What you are asked to do
Copy exactly the lines of the data below that run from the line holding "再選を果たし、支持者と握手す" through the line holding "Join us for", both ends included.

Records for this task
◆ ◆ ◆ ◆ ◆ ◆ ◆

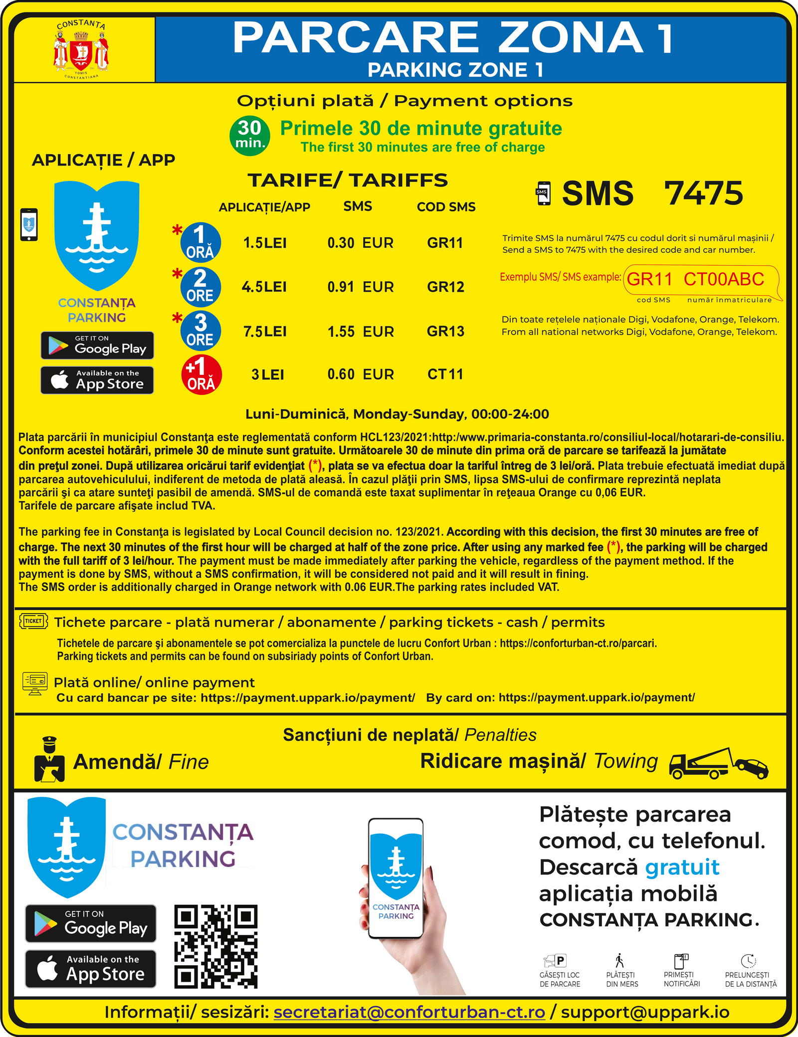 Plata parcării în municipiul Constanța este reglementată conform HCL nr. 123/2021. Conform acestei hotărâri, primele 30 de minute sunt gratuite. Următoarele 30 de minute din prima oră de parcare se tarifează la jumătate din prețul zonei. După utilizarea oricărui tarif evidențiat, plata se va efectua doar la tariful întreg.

◆ ◆ ◆ ◆ ◆ ◆ ◆

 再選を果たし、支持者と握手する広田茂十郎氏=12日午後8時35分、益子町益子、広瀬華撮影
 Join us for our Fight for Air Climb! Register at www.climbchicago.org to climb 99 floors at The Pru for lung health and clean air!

◆ ◆ ◆ ◆ ◆ ◆ ◆

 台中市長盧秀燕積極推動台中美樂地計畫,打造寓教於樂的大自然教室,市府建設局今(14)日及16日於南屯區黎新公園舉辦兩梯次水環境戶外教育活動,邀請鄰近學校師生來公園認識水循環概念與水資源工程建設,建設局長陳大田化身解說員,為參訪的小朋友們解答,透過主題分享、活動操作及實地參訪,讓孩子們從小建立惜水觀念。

◆ ◆ ◆ ◆ ◆ ◆ ◆

Result for this exercise
 再選を果たし、支持者と握手する広田茂十郎氏=12日午後8時35分、益子町益子、広瀬華撮影
 Join us for our Fight for Air Climb! Register at www.climbchicago.org to climb 99 floors at The Pru for lung health and clean air!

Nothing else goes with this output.